After reviewing the case, London’s High Court and Court of Appeal ruled against NLNG, ordering the company to pay approximately $260 million to Vitol and $120 million to Glencore.
The London Court of Appeal last week rejected NLNG’s appeal, upholding the previous ruling and confirming the $380 million compensation.
NLNG, a joint venture involving Nigeria’s state-owned oil company (NNPC) (49%), and minority stakeholders Shell (25.6%), TotalEnergies (15%), and Eni (10.4%), has not officially responded to the ruling.
When contacted by Reuters, NLNG declined to comment, stating that it was still reviewing the judgment.
Meanwhile, Shell and Eni refused to comment, while TotalEnergies did not respond to inquiries regarding the case.
Taleveras, now based in Dubai, also declined to comment on the ruling. It is not clear whether the company itself will receive any financial compensation beyond the $380 million owed to Vitol and Glencore. A full written judgment is expected to be released in the coming weeks.
Rising LNG Market Disputes Post-COVID
The ruling against NLNG is part of a broader trend of legal disputes in the global LNG market, where buyers have sued producers for failing to fulfill supply agreements.

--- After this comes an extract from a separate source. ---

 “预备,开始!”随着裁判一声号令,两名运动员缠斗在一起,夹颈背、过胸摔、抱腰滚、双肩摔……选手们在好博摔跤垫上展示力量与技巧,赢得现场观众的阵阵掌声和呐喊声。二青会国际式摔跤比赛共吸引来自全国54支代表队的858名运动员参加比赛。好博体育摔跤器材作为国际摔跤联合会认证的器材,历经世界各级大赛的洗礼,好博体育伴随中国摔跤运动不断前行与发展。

The energy market experienced significant volatility during the COVID-19 pandemic and following Russia’s invasion of Ukraine in 2022. During the pandemic, gas prices plummeted to $4.14 per megawatt-hour (MWh) due to weak demand. However, following Russia’s invasion of Ukraine, European gas prices surged to $328 per MWh, causing chaos in supply chains.
Amid this price surge, several LNG suppliers were accused of diverting contracted cargoes to the spot market, where prices were much higher, instead of honoring long-term contracts.

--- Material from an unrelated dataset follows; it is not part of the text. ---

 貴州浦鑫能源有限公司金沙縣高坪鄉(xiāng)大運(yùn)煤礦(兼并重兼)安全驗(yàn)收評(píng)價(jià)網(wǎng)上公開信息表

For instance, Shell and BP sued U.S. LNG exporter Venture Global LNG, alleging that the company failed to supply contracted volumes while selling to the spot market. Venture Global, however, blamed the issue on technical challenges at its facilities.

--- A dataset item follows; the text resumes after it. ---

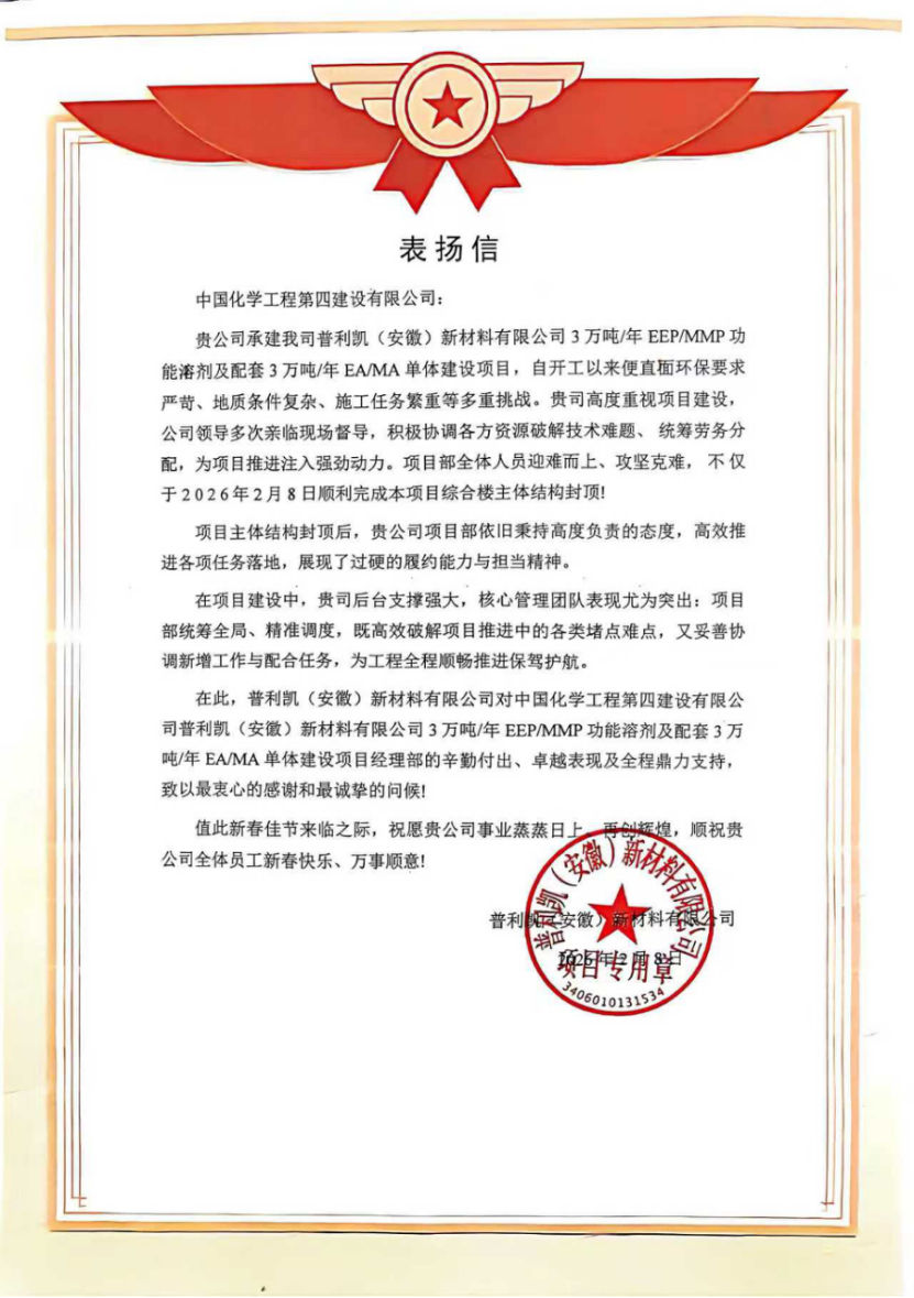 近日,由西部公司承建的普利凱(安徽)新材料有限公司3萬噸/年EEP/MMP功能溶劑及配套3萬噸/年EA/MA單體建設(shè)項目綜合樓主體結(jié)構(gòu)順利封頂,標志著項目建設(shè)取得階段性勝利,正式轉(zhuǎn)入二次結(jié)構(gòu)及裝飾裝修施工階段。業(yè)主單位特發(fā)來表揚信,對項目團隊的卓越表現(xiàn)給予高度評價。

Implications for NLNG and Nigeria’s Gas Sector
The ruling against NLNG—Nigeria’s sole LNG exporter—raises concerns about contract reliability in the country’s gas sector. The judgment could also impact investor confidence as Nigeria seeks to expand its gas exports amid increasing competition from other LNG-producing nations.
The verdict comes at a time when the Nigerian government is pushing for increased gas production and exports as part of its broader economic strategy under President Bola Tinubu. The government has also been engaging international oil companies (IOCs) to attract fresh investments into the country’s energy sector.
With the London Court of Appeal rejecting NLNG’s appeal, the company may now be left with limited legal options to contest the ruling. A formal response from NLNG is still awaited, and the expected full written judgment could provide more clarity on the case’s broader implications.